» Task directions
Below are records that hold pictures; write out only the lines from their start through the line with "Wee glass candle", exactly, and drop the pictures.

» Saved entries
____________________

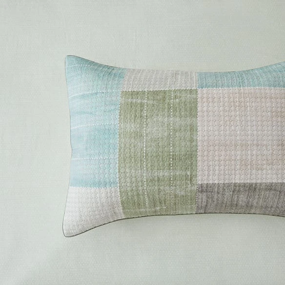 Create a contemporary bedroom style with the Mondrian quilt cover in green. Crafted from cotton percale, this design features a geometric patchwork pattern in green and neutral shades. Quilted with a small diamond stitch and finished with a filled piping trim. Coordinate with European pillowcases to complete the look.
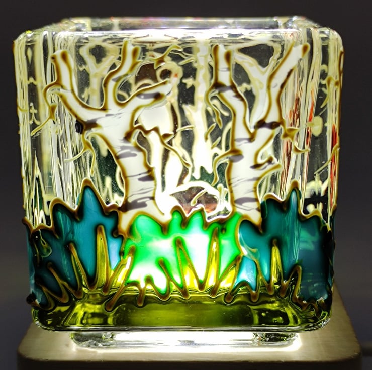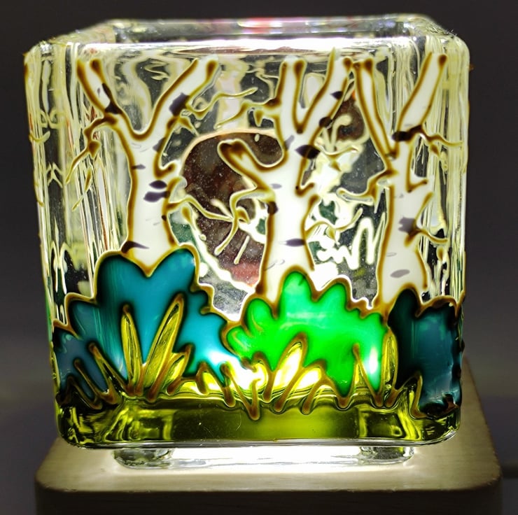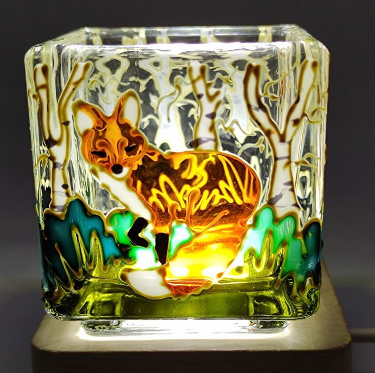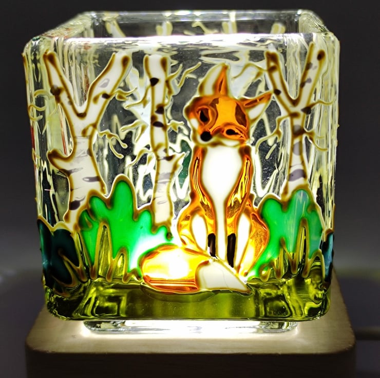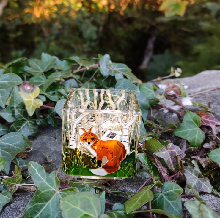 Wee glass candle holder, 5cm x 5cm, hand painted with two red foxes in birch woods
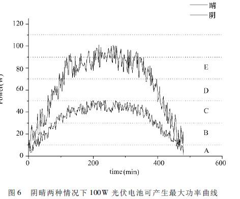 若直接采用光伏電池對蓄電池充電,則當光照較弱時,為了追蹤最大功率,在存在其他干擾因素的同時其輸出電壓會不穩定,導致光伏電池在充電時難以保持在Vzmin上,最后導致系統在該光照范圍內不能對蓄電池正常充電。如圖6中兩曲線分別為晴、陰兩種情況下100W光伏電池可產生的最大功率曲線;陰天的時候,光伏電池在最大功率跟蹤情況下,輸出功率在較低功率B、C區間內抖動,造成對蓄電池充電不可控。本文通過采用超級電容,把這部分不穩定的輸出能量蓄積起來,再到滿足一定的電壓條件時,通過升壓電路把超級電容中的能量釋放到蓄電池。這種采用超級電容的方式可以提高在弱太陽光照下的發電效率。
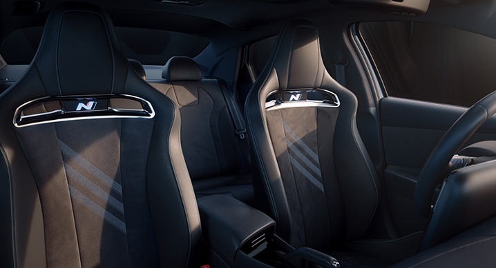 N 시트 또한 측면 볼스터 부분을 강화해 급격한 코너링 중 강한 횡가속도가 발생하더라도 상하체를 굳건히 지지해 항시 안정적인 운전자세를 유지할 수 있게 해준다. 여기에 N 엠블럼 조명이 장착되고 기본 사양 대비 시트 포지션이 10mm 하향된 N 라이트 버킷시트를 옵션으로 운영함으로써 고성능 감성과 운전성을 추구하는 고객까지도 배려했다.
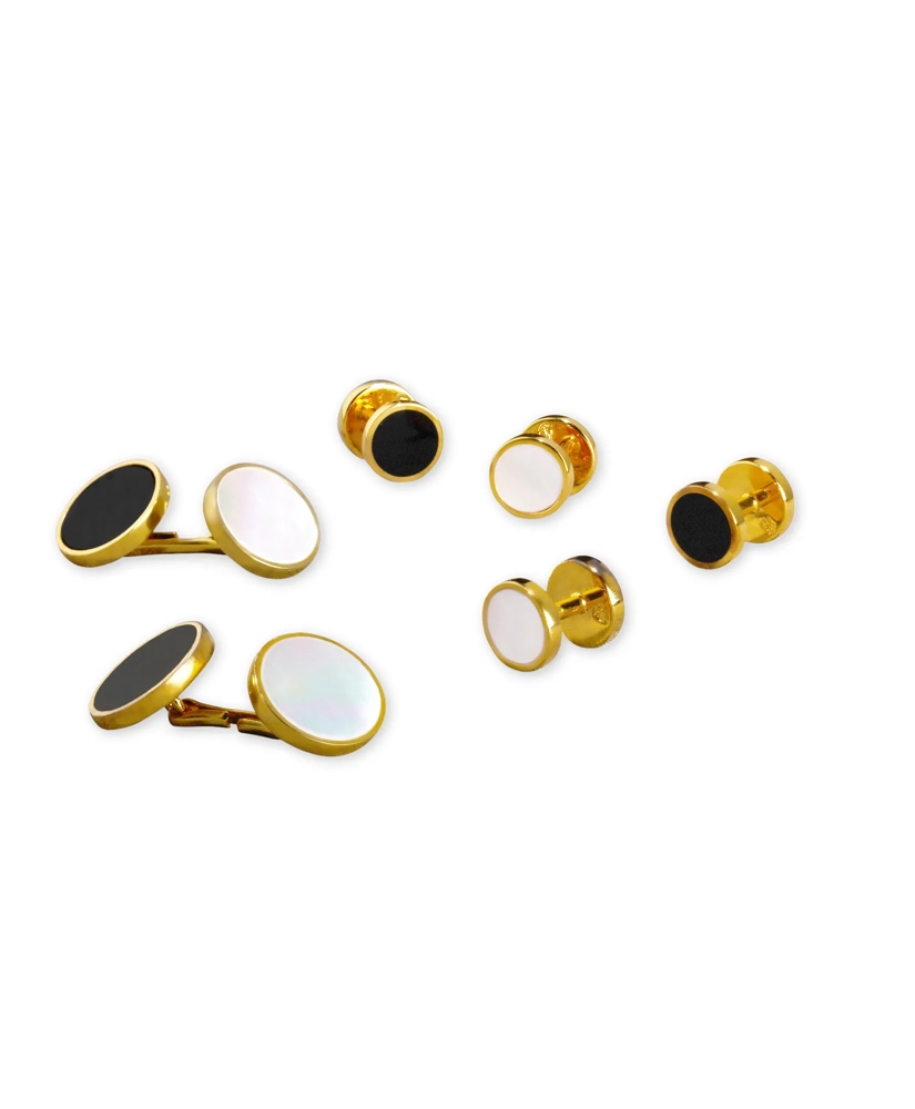 Elegant accents for the well-dressed man. Complete with four studs and two cuff links. Genuine onyx and mother-of-pearl. Imported.
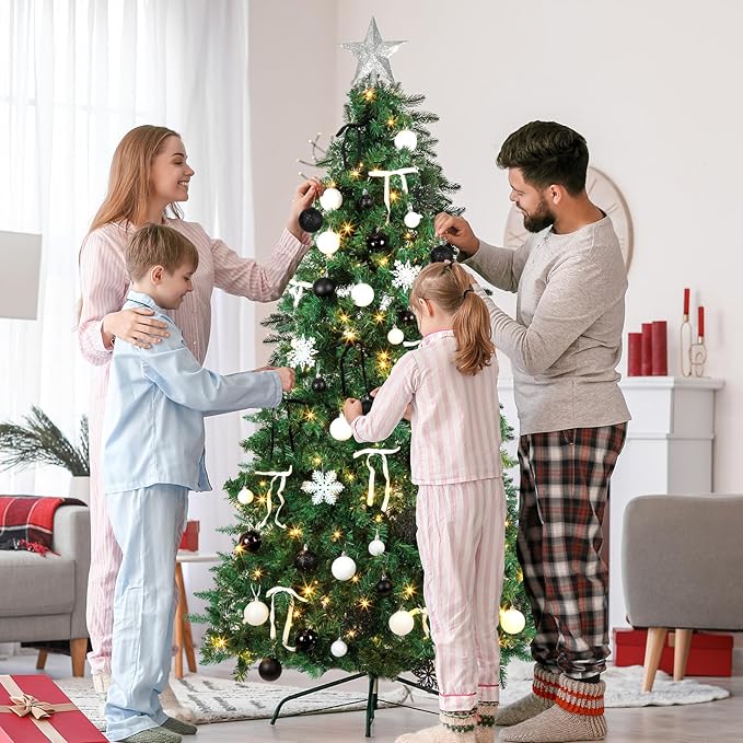 - Package includes: The Christmas tree decorations set offers a comprehensive collection for festive decoration. This set includes one 20cm/7.87 inches white Christmas tree topper, 48 black and white Christmas balls in two sizes (2.4 inches and 1.6 inches), 20 white snowflakes with hanging chains, 16 black and white bows, and a 20m/65.5ft string of lights. This set provides a variety of decorations to ensure your tree looks vibrant and inviting, ideal for creating a memorable holiday atmosphere.
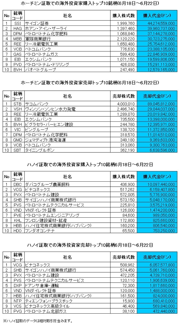 ベトナム株情報 > ベト株ニュース > 市場概況 > 海外投資家の週間取引トップ10 (6月18日~6月22日)
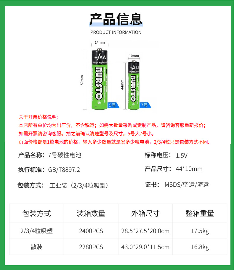 • 产品名称:七号碳性电池
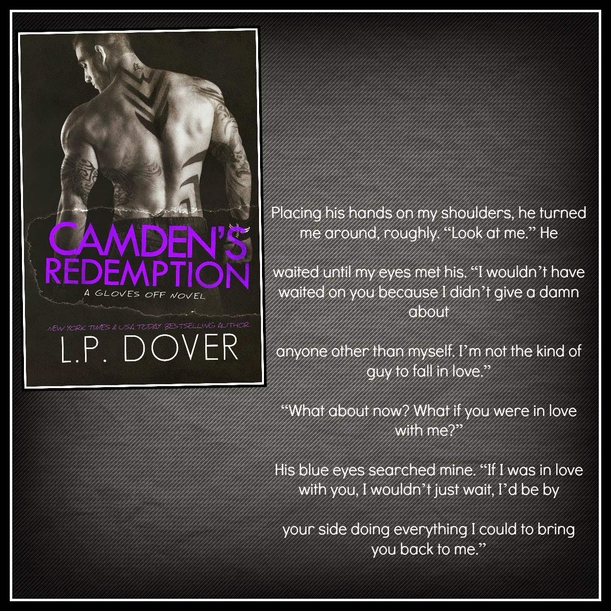 New York Times and USA Today Bestselling author, L.P. Dover, is a southern belle residing in North Carolina along with her husband and two beautiful girls. Before she even began her literary journey she worked in Periodontics enjoying the wonderment of dental surgeries.
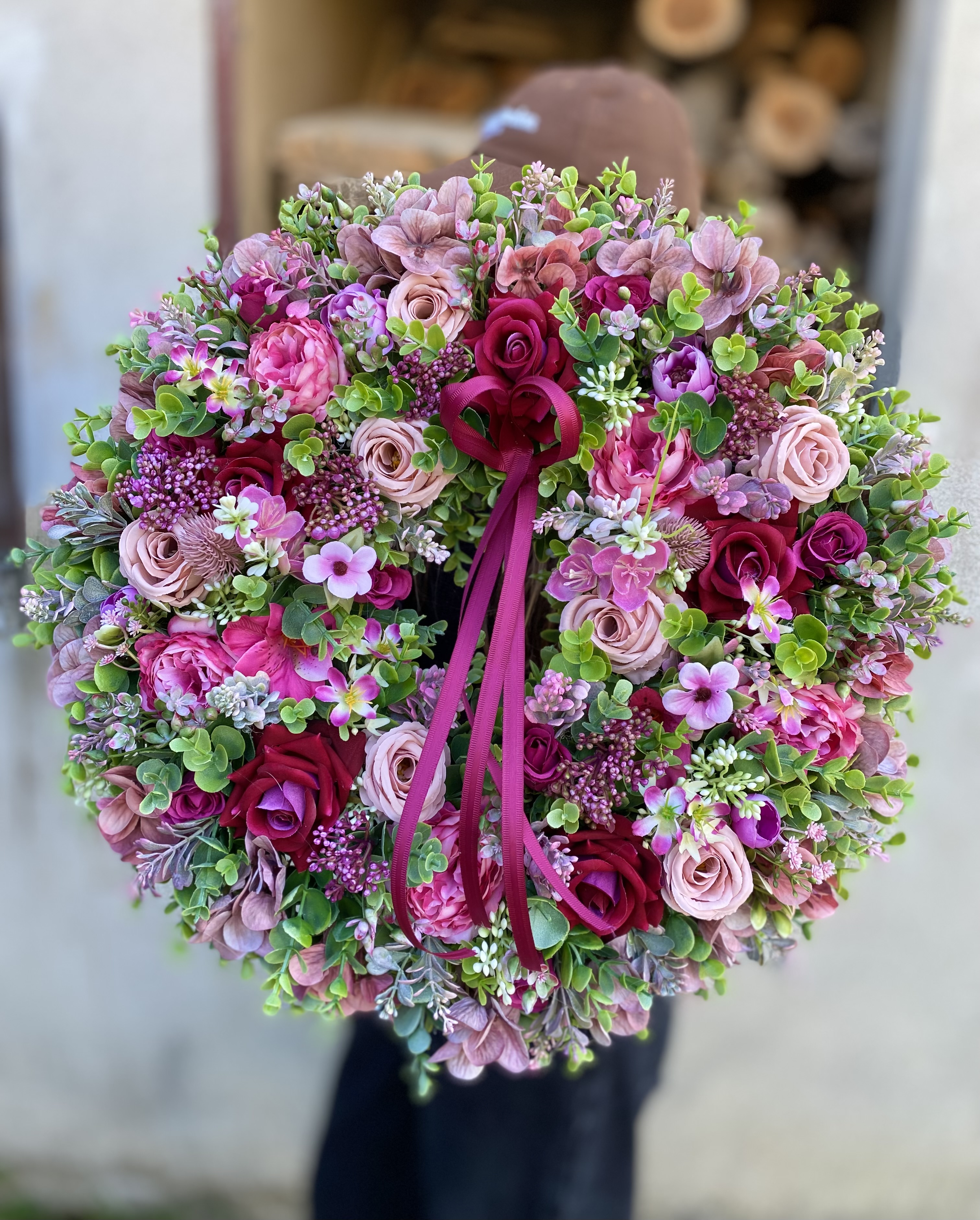 Celoročný veniec s priemerom cca 46cm.Použitý umelý materiál, stuha. Vzadu je putko na zavesenie.

____________________

» Solved problem
 Create a contemporary bedroom style with the Mondrian quilt cover in green. Crafted from cotton percale, this design features a geometric patchwork pattern in green and neutral shades. Quilted with a small diamond stitch and finished with a filled piping trim. Coordinate with European pillowcases to complete the look.
 Wee glass candle holder, 5cm x 5cm, hand painted with two red foxes in birch woods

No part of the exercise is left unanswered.